◆ WHAT THE EXERCISE ASKS: For the listing that follows, give again exactly the lines from the one with "Yes! Rendevio includes" to the one with "Никита Николаевич Попов, руководитель", including both.

◆ EXCERPTED DATA:
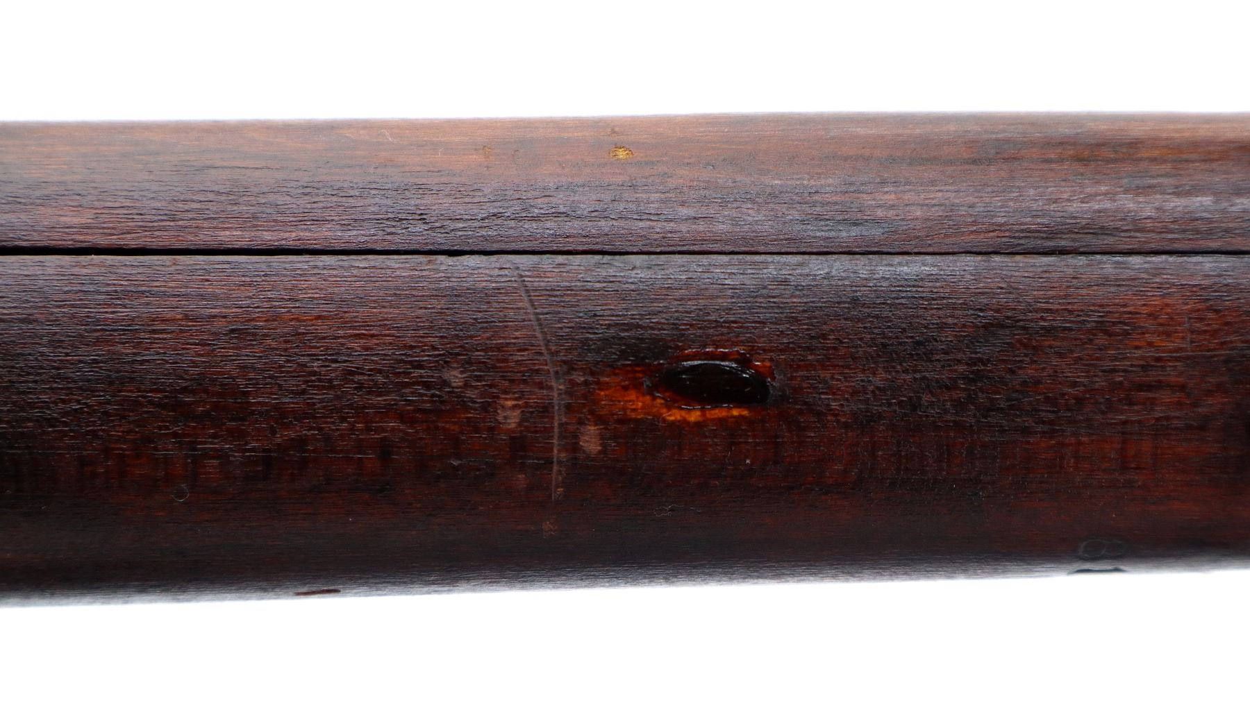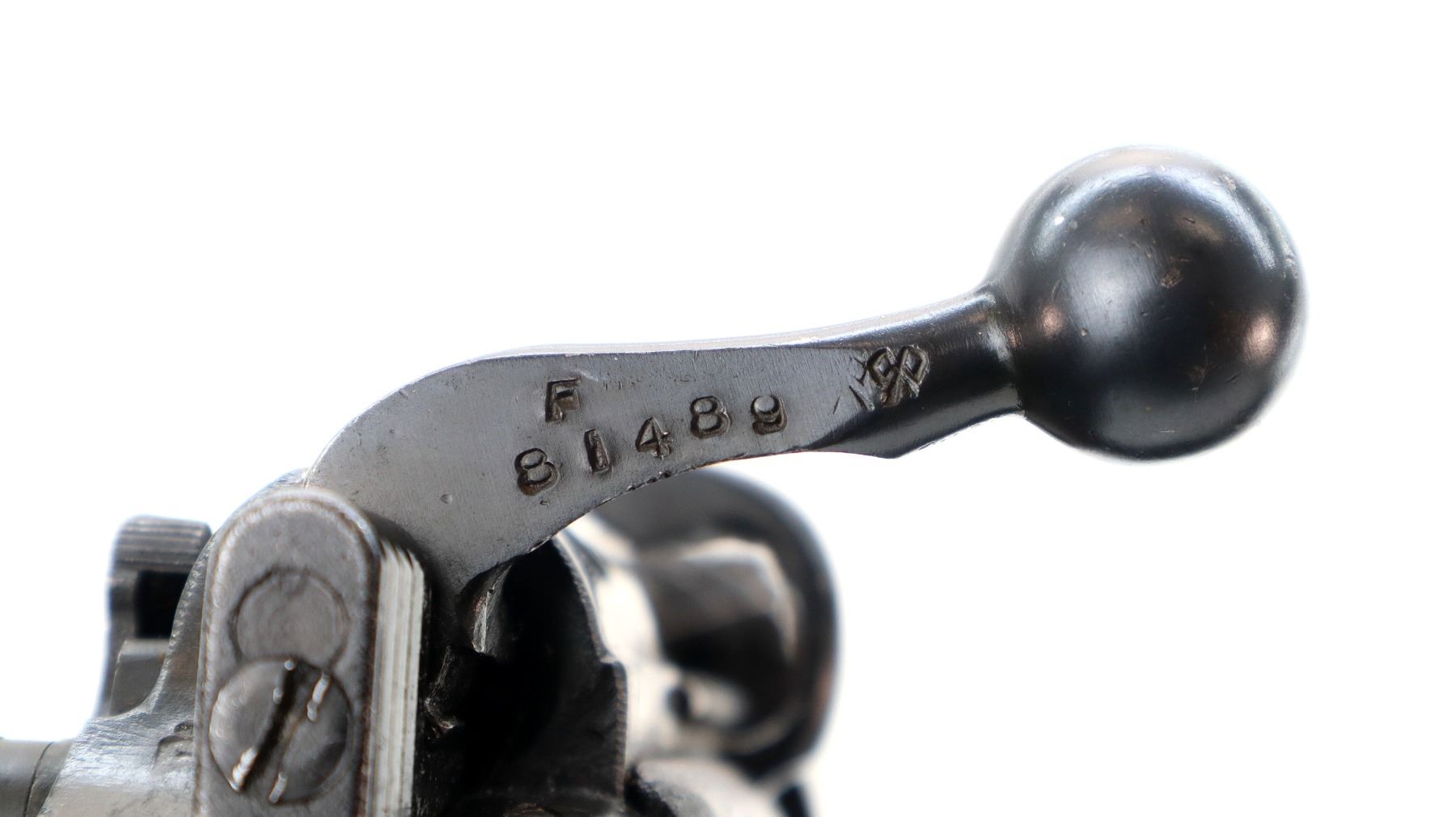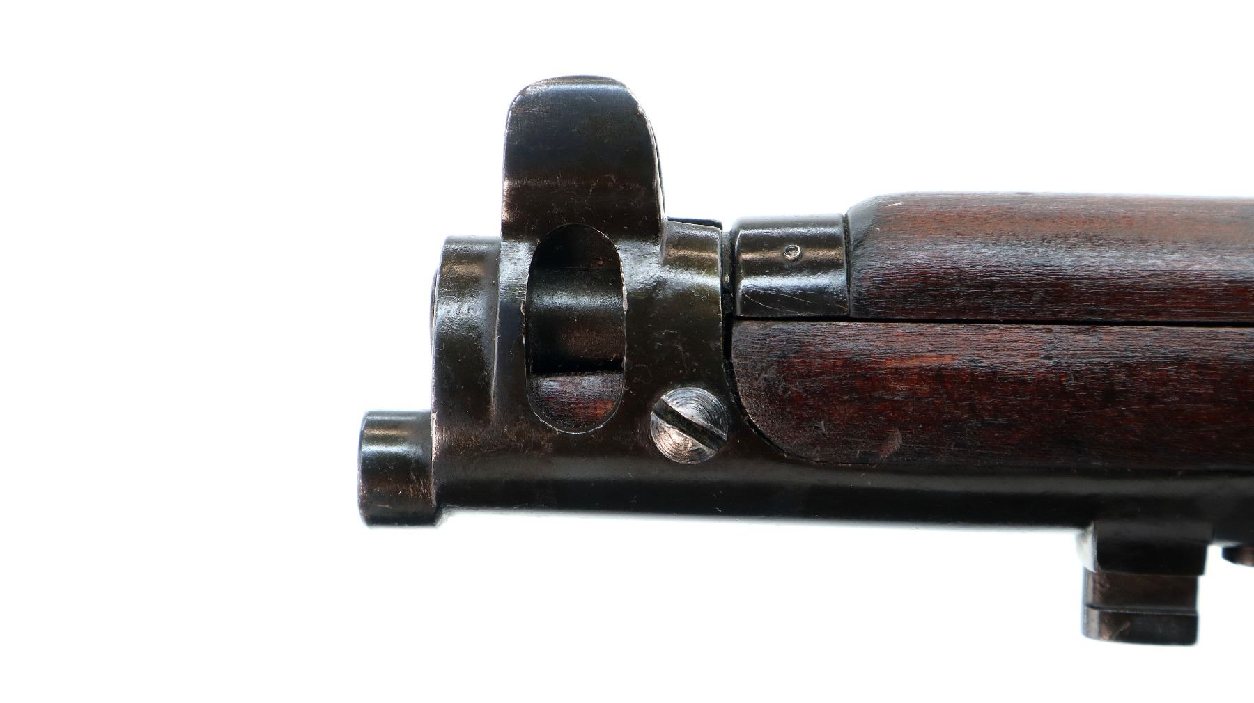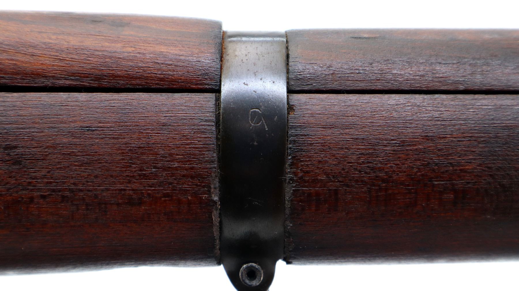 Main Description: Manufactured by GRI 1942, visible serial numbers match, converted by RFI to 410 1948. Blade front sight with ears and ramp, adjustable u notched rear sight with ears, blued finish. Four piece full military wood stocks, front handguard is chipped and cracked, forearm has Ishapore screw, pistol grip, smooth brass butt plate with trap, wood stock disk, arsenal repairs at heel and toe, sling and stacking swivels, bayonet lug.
==
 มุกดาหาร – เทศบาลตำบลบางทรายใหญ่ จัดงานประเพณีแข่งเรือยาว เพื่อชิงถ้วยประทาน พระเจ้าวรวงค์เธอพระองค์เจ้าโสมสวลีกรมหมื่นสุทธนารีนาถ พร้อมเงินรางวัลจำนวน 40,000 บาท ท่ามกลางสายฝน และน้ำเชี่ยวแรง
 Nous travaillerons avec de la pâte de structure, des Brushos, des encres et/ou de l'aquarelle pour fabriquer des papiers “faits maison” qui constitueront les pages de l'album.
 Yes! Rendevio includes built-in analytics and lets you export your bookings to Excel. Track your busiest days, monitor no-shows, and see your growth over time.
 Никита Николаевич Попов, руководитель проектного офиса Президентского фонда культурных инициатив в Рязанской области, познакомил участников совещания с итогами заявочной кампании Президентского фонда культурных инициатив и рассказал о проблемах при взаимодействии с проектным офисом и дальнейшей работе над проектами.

◆ SOLVED EXERCISE:
 Yes! Rendevio includes built-in analytics and lets you export your bookings to Excel. Track your busiest days, monitor no-shows, and see your growth over time.
 Никита Николаевич Попов, руководитель проектного офиса Президентского фонда культурных инициатив в Рязанской области, познакомил участников совещания с итогами заявочной кампании Президентского фонда культурных инициатив и рассказал о проблемах при взаимодействии с проектным офисом и дальнейшей работе над проектами.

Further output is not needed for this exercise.